Cannarella, R, Condorelli, RA, Calogero, AE, Bagnara, V, Aversa, A, Greco, EA, Brunetti, A, La Vignera, S
Journal of clinical medicine. 2021;(16)
Abstract
BACKGROUND Selenium (Se) is an essential component of selenoenzymes, which have catalytic and antioxidant functions. A low Se status has been reported in patients with chronic autoimmune thyroiditis (AT) who benefit from Se supplementation. The role of Se in male reproduction is still a matter of debate. Although Se and selenoenzymes ensure sperm viability and protect against increased oxidative stress, only a few studies have assessed the effects of the administration of Se alone on sperm parameters, providing contrasting results. AIM: The aim of this study was to assess the effects of oral Se supplementation on conventional sperm parameters and DNA fragmentation (SDF) in patients with AT of reproductive age with normal thyroid function.
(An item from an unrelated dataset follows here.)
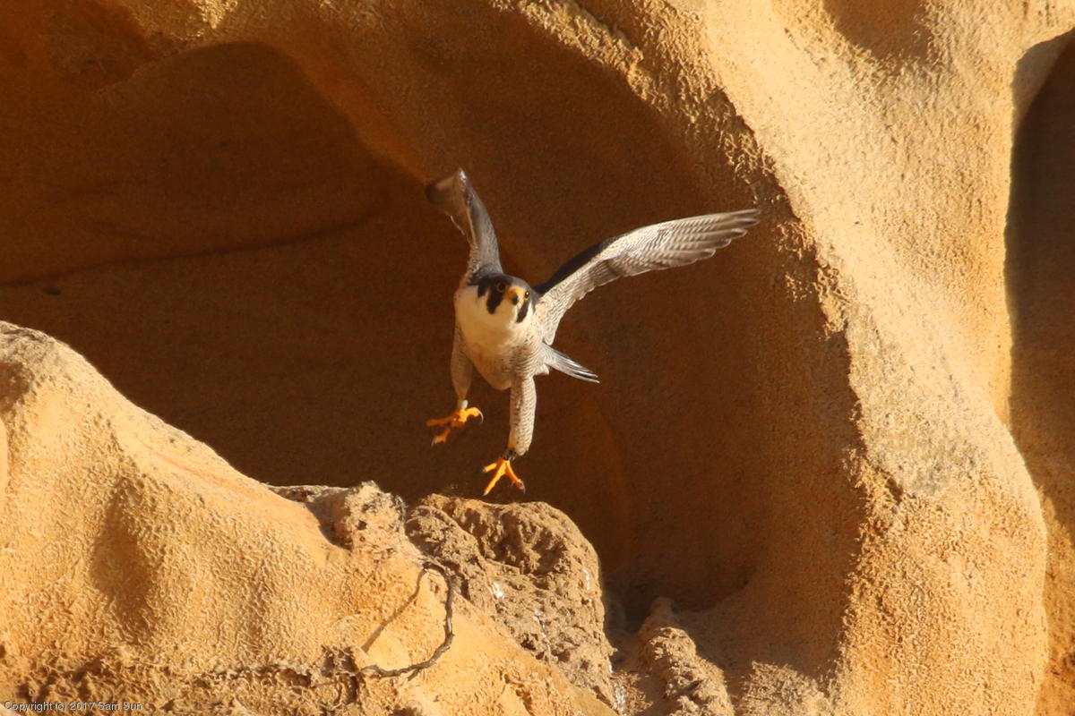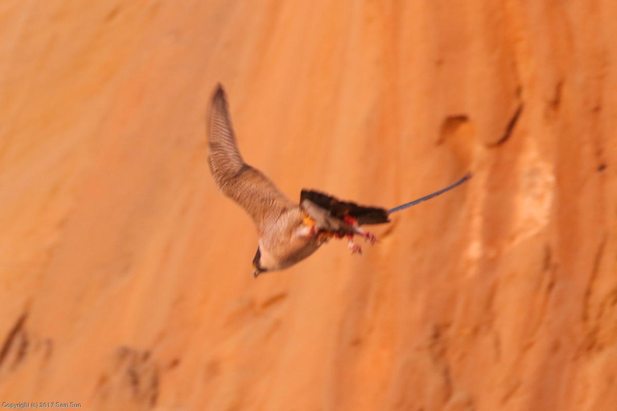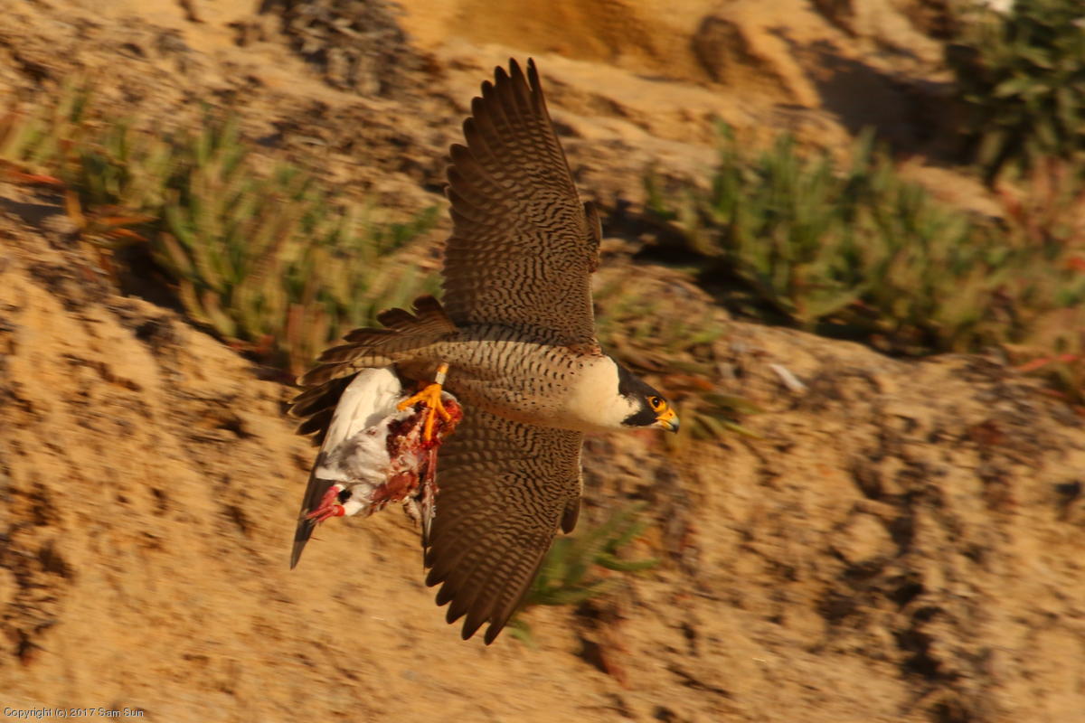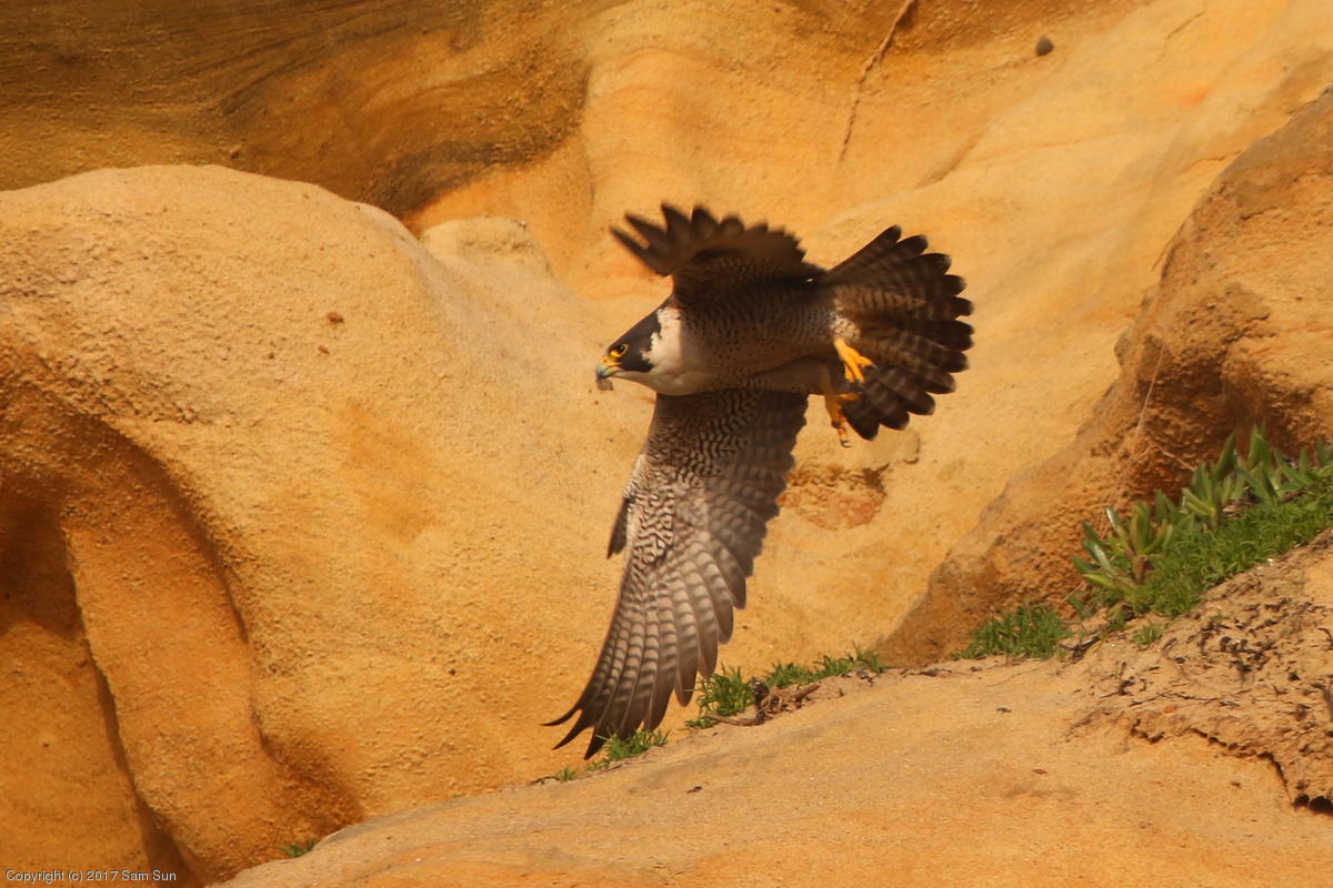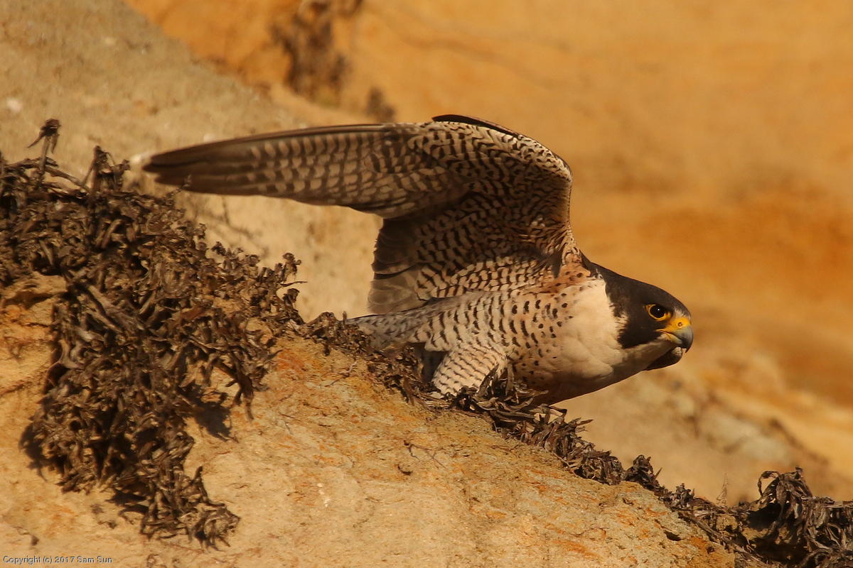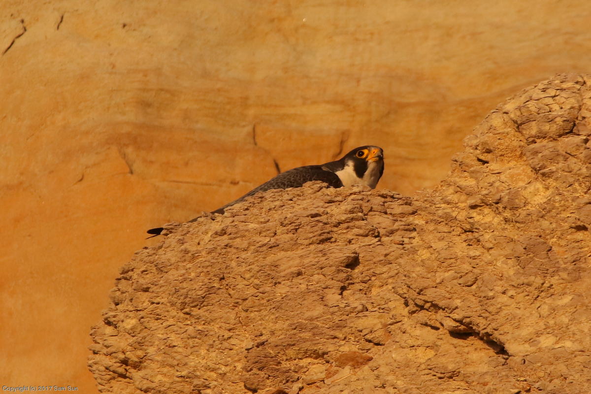 For a while, it seemed like nothing was going to happen again today. After sitting around for an hour, the female flew in the nest cave and called to the male, but he ignored her. They finally mated half an hour later, after which the male retrieved a pigeon and refused to share it.

PATIENTS AND METHODS Only patients with AT and normal thyroid function were selected for this study. All included patients underwent oral Se supplementation at the dose of 83 µg once daily (Syrel®, IBSA) for six months. Sperm conventional parameters, SDF, and thyroid function were assessed before and at the end of the treatment. RESULTS Twenty AT patients with normal weight were enrolled. After Se supplementation, they showed a higher sperm concentration, a higher percentage of sperm with progressive motility, and a higher percentage with normal morphology. They also had lower semen leukocyte concentration, and a lower percentage of spermatozoa with DNA fragmentation compared with pre-treatment values. Free-thyroxine serum levels increased significantly, whereas free triiodothyronine showed an upward trend. The thyroid-stimulating hormone did not change significantly. CONCLUSION Se supplementation may represent a possible non-hormonal therapeutic choice for the treatment of male infertility, although further studies are needed to confirm this evidence. The possible thyroid hormone dependency of these findings needs to be clarified.